Глава двадцать первая

Как играли в кости в кварталах Веррери


   Кварталы Веррери получили свое название оттого, что примыкали к одноименной улице на правом берегу Сены. Сейчас уже невозможно установить, улица ли создала кварталам дурную славу или все обстояло как раз наоборот, но безусловным фактом или, говоря языком науки, аксиомой является то, что и улица Веррери, и прилегающие к ней кварталы считались в славном Париже именно тем самым местом, которое люди богобоязненные, добродетельные, робкие или просто не отягощенные предосудительными привычками (либо деньгами на оплату таковых привычек, обходившихся во все времена весьма недешево) предпочитали во всякое время суток обходить десятой дорогой.
   Однако д'Артаньян представлял им полную противоположность. В восемнадцать лет страшное для почтенных обывателей слово "порок" предстает чем-то отвлеченным от реальной жизни, а вот веселье привлекает несказанно.
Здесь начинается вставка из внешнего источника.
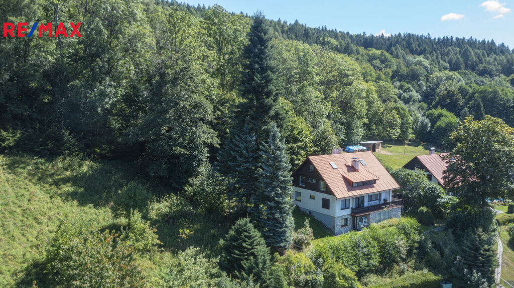 Dům je umístěn na pozemku o celkové výměře 1 302 m². Těsná blízkost lesa Vám zajistí naprosté soukromí. Z pozemku jsou navíc nádherné výhledy.

Кварталы Веррери при всей своей сомнительной славе обладали одним несомненным достоинством - там было весело. За свои деньги человек мог незамедлительно получить все желаемые удовольствия, а от неизбежных сопутствующих осложнении сорвиголов вроде нашего гасконца спасали как бойкая шпага, так и юношеское пренебрежение к опасности, что в сочетании являет собою взрывоопасную смесь и позволяет человеку ни за что не угодить в малопочтенную категорию "легкой добычи".
   Д'Артаньяна легкой добычей никто не считал, а потому он разгуливал, как завсегдатай, там, где королевские стражники рисковали появляться лишь плотными кучками, ощетинившись алебардами...
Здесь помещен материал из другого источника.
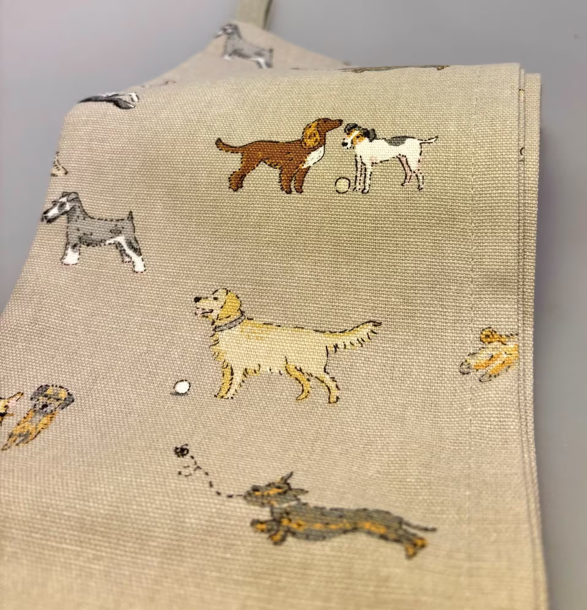 Skønt viskestykke i bomuld med det fineste mønster af forskellige hunde – ruhåret gravhunde, golden retriever, spaniels og corgi’er. Mynder, ulvehunde, schnauzere og dansk svenske gårdhunde eller jack russel terriere. Cocker eller amerikansk cocker spaniels, cairn terrier og søde doodles.

   Впрочем, улица, куда он направил стопы согласно записке Пишегрю, считалась одним из пристойных мест - если только позволительно употреблять подобные обороты по отношению к кварталам Вер-рери. Видимо, все дело было в том, что она располагалась на некоем незримом пограничном рубеже, где еще могли появляться без особых тревог решившие пощекотать нервы и поискать приключений случайные визитеры...
   Д'Артаньян, в отличие от залетных гостей, которых сразу можно было опознать по неуверенности во взгляде и поведении, по-хозяйски вошел в один из ничем не примечательных домов, лишенных каких бы то ни было вывесок или иных отличительных знаков, бросил ливр одноглазому привратнику, приветствовавшему его со всем возможным почтением, и вступил в обширную прихожую, где его радостно встретили бойкие и смазливые девицы - Лизетта, Мюзетта, Жанетта, Жоржетта, а также другие, чьи имена не сохранились для истории. Всё это были девушки отзывчивые и приветливые, не обремененные ни корсажами, ни чрезмерной чопорностью, - а потому без церемоний повисли на шее у гасконца, награждая звонкими поцелуями и прижимаясь так тесно, что меж ними и д'Артаньяном не смогла бы протиснуться и самая куцая мораль. И гасконец, и отзывчивые девицы с приятностью ощущали прикосновения пленительных выпуклостей - д'Артаньян считал таковыми те, что были даны девицам от природы, а для грациозных нифм, наяд, дриад и сильфид самой пленительной выпуклостью на статной фигуре юного гвардейца был карман, в коем лежал туго набитый кошелек. В общем, обе стороны были довольны друг другом.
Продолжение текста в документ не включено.